Overcomplicating is never of help
The prime objective of oral advocacy should be to provide the tribunal with the information it needs to determine the substantive issues for determination in the arbitration. This may include the background to the dispute, the key issues on which the parties disagree and why, guiding the arbitrators through the relevant documents and evidence that support each party’s case, and why the remedies sought are relevant and appropriate in the circumstances of the case.
Overcomplicating the dispute or focusing on the personal angst between the parties is never of help to a tribunal. Excessive use of adjectives, adverbs and general exaggeration of the adverse parties’ alleged performance, actions and arguments will not assist the merits of the case.– Julian Lew QC, Twenty Essex Chambers
PowerPoint presentations and examples
As has already been explained, examples and illustrations can be powerful tools for helping you to make an impression. They can be used during the opening submissions, as part of a PowerPoint presentation, or as stand-alone posters; and they can resurface during the hearing, for example in the examination of witnesses.
With today’s technical possibilities, examples can be much more than an illustration in PowerPoint.

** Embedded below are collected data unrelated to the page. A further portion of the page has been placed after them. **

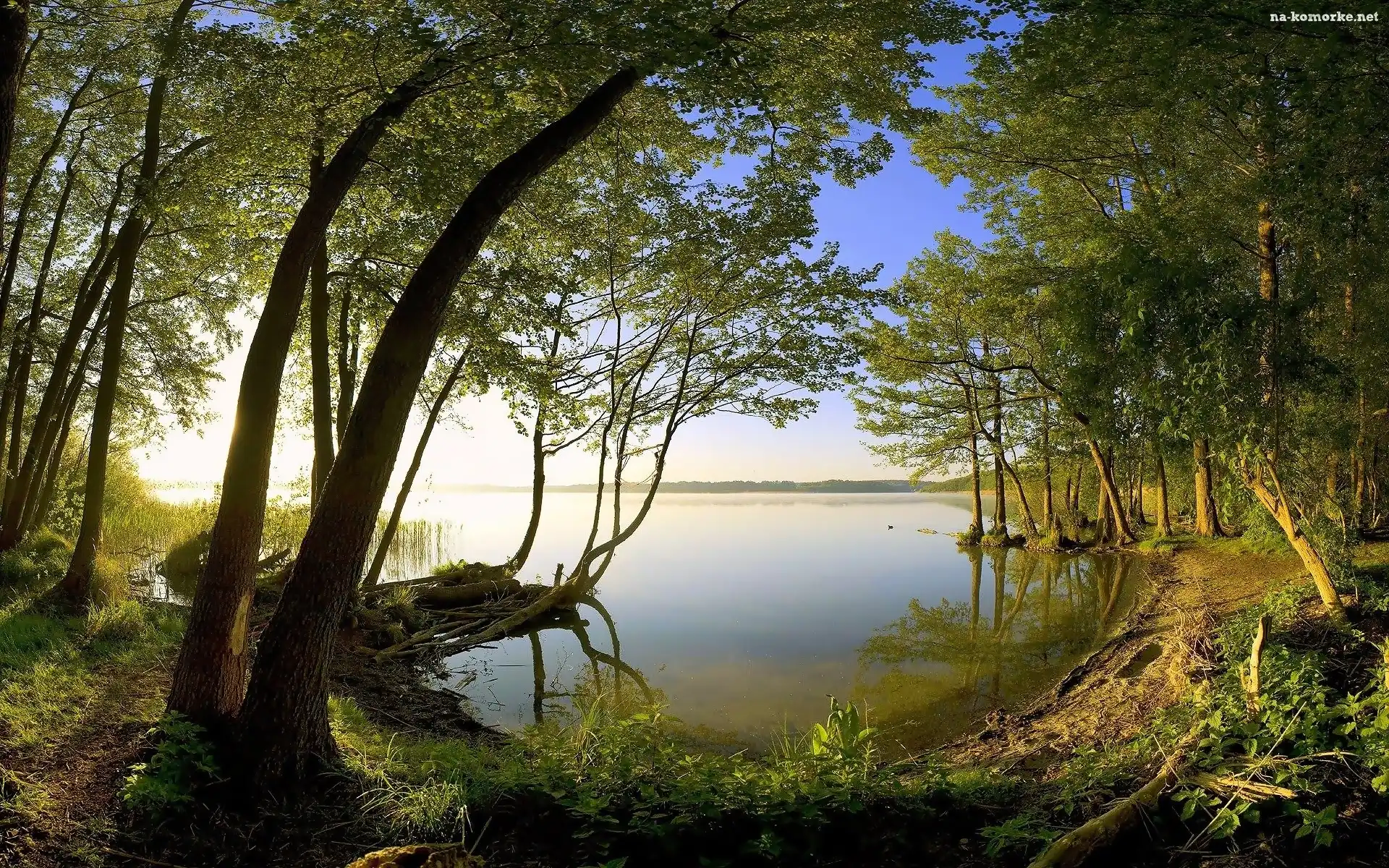 Jezioro, Światło, Las, Przebijające na Komórkę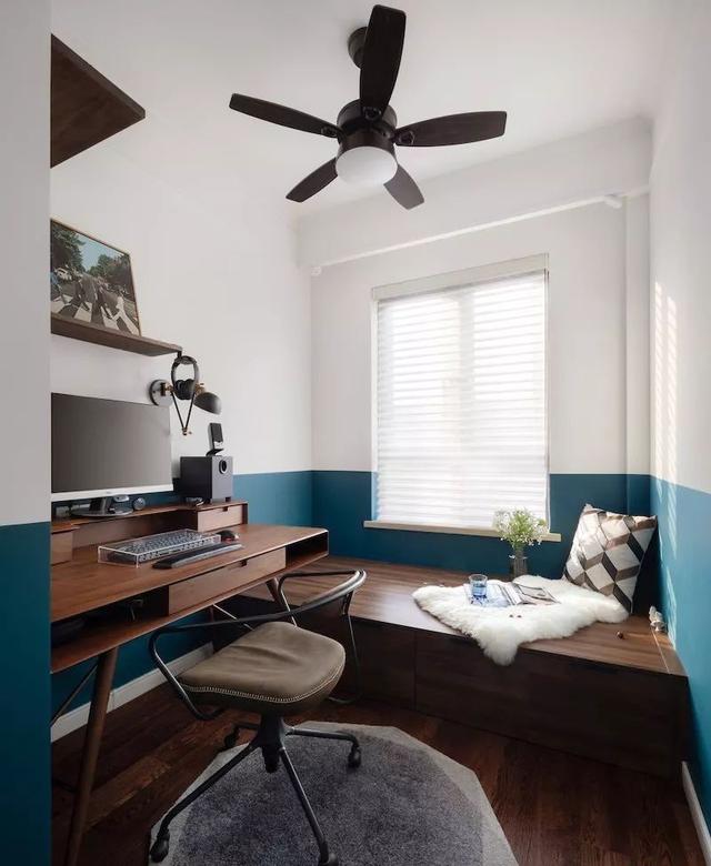 书房延续了客厅的孔雀蓝色,搭配胡桃木定制家具,宁静优雅而又充满自然复古的味道。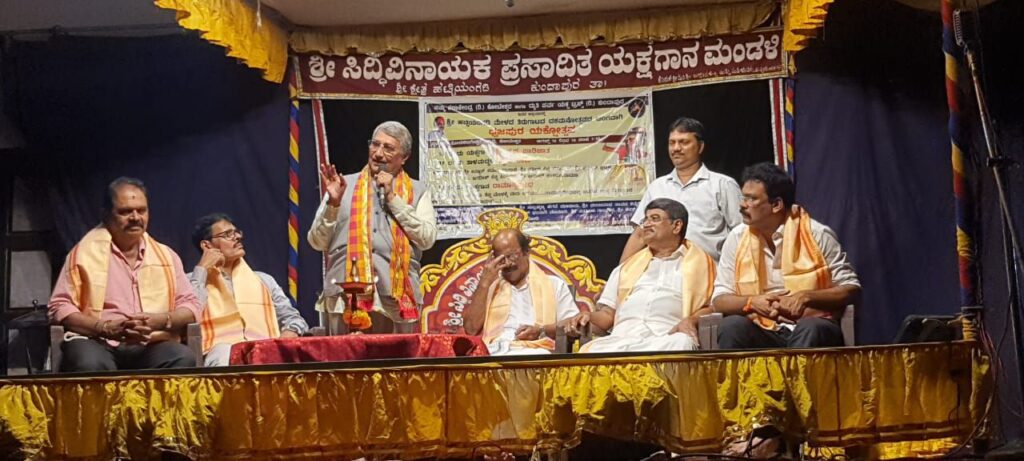 ಅವರು ದ್ಯುತಿಪರ್ವ ಯಕ್ಷ ಟ್ರಸ್ಟ್ ಕುಂದಾಪುರ ಹಾಗೂ ನಮ್ಮ ಕಲಾಕೇಂದ್ರ ಕೋಟೇಶ್ವರ ಇವರ ಜಂಟಿ ಆಶ್ರಯದಲ್ಲಿ ಶ್ರೀ ಹಟ್ಟಿಯಂಗಡಿ ಮೇಳದ ತಿರುಗಾಟದ ದಶಮಾನೋತ್ಸವದ ಅಂಗವಾಗಿ ಕೋಟೇಶ್ವರದ ಶ್ರೀ ಕೋಟಿಲಿಂಗೇಶ್ವರ ದೇವರ ಸನ್ನಿಧಿಯಲ್ಲಿ ಶನಿವಾರ ಹಮ್ಮಿಕೊಂಡ ‘ಧ್ವಜಪುರ ಯಕ್ಷೋತ್ಸವ ‘ ಕಾರ್ಯಕ್ರಮವನ್ನು ಉದ್ಘಾಟಿಸಿ ಮಾತನಾಡಿದರು.

From animated movies that show chemical processes unfold to physical objects, such as models and equipment, the possibilities are as endless as your imagination and your budget will allow. The overarching objective, of course, is to make difficult aspects of the case easier for the tribunal to grasp.
Separate from such examples, you will consider the use of a PowerPoint presentation to accompany your opening submissions. Such presentations are now ubiquitous in international arbitration hearings and they have considerable value. They allow you to summarise your important messages as bullet points; they provide structure to your presentation (and can be an aide-memoire to guide you); they can contain quotations from important documents or case law (which you then don’t have to read into the record in their entirety); and they can contain illustrations and graphs to illustrate your presentation.
Many arbitrators, perhaps overwhelmed by too much material to appreciate another 300-page document, will argue that the presentation should not be too long and should cover only what you are actually presenting at the hearing. One should accept a degree of flexibility, however. You may be spending more time than anticipated on certain issues (including because you have to respond to questions from the panel) and so are unable to cover all your slides. Indeed, you should be allowed to prepare some slides specifically for the contingency that the tribunal has questions on these points, which they may not. It is important, however, to restrict the content of each individual slide. Too much information that the audience cannot easily follow in addition to listening to you is overwhelming and counterproductive. It is also advisable to hand out a hard copy of your presentation before you commence the opening. This encourages the tribunal to take notes on your PowerPoint presentation while you are presenting, and return to it in deliberations.